Swinging the door open into my room into MIQ was a resounding relief, after two of the most mentally challenging and draining weeks of my life, I was now presented with a constant - this room, three meals a day, two outside sessions a day, thats it.
My plan to get all of my developing equipment to MIQ had gone smoothly - on the third day we were delivered our personal bags, the same day I had arranged for my developing chemical to arrive, and the following day, for the scanner to be dropped off.
Taking photos on film is always a bit of a gamble - relying on a chemical emulsion to be stable, capture your photos, remain stable and preserve those photos over time is a gamble. Let alone when the time comes to open the film up (in a light proof environment), and expose it to the correct chemical at the correct temperature for the correct amount of time to hopefully yield the photo as you recalled it. Once thats all done theres drying, cleaning, scanning (don't get fingerprints or dust on the negatives), correcting, cropping, matching, and then we get to arrange the book.

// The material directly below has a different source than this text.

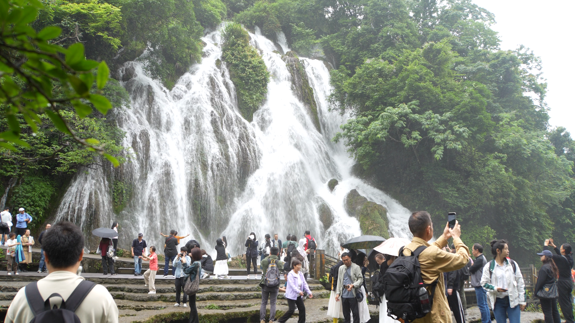 看過貴州代表性的非物質文化遺產後,香港傳媒採訪團轉往荔波感受世界自然遺產——小七孔。得名於景區內一個小七孔石橋的小七孔,被稱為「人間綠寶石」,最大的特色就是水色澄澈碧藍,遠看如綠寶石,近看則清澈見底,甚至能看到河魚躍起逆流而上。由於獨特的喀斯特地貌,這裏有各具特色的瀑布,臥龍潭、翠谷瀑布、68級瀑布、拉雅瀑布⋯⋯景區內響水河水聲潺潺,水上森林鬱鬱蔥蔥。

The day I developed the images was also the day of my friend, and team mate Olivias funeral. We learnt of Olivias passing as we arrived at the airport in Narita on the way home, hence the relief of arriving at that MIQ room some 30hrs later. Watching the funeral of someone you love, and seeing groups of people on the other side of a fence all of whom all you want to do is hug, is something I don't wish upon anyone. After sitting in my room for a while after the funeral, I went for a walk in our outside time, sharing love from a 2m distance with my team mates and those friends on the other side of the fence. I got back to my room, ate, and decided to develop the photos.
It felt weird doing something as fulfilling and gratifying on a day that was clouded in grief and loss. I didn't want to push the day aside, I just wanted to do this thing, and let my emotions for the day settle. I'm so glad I did - as I went through each roll, i'd ebb-and-flow to being completely immersed, to going back to the day, and so on. I clipped the rolls up in the bathroom for the night, and left them to dry.
I don't know how long it took me to get to the part where I began arranging the images. It must've taken five or six day to process through it all, to the point where I had categorised folders of each roll ready to put together into a book. Looking back through messages with my partner Lizzi, whom I was constantly barraging with design ideas, and formatting concepts and excited screenshots of scanning loading pages, I began forming ideas on the book as soon as I had the negatives, and by the time I had each photo processed, the book fell smoothly into place in a matter of days.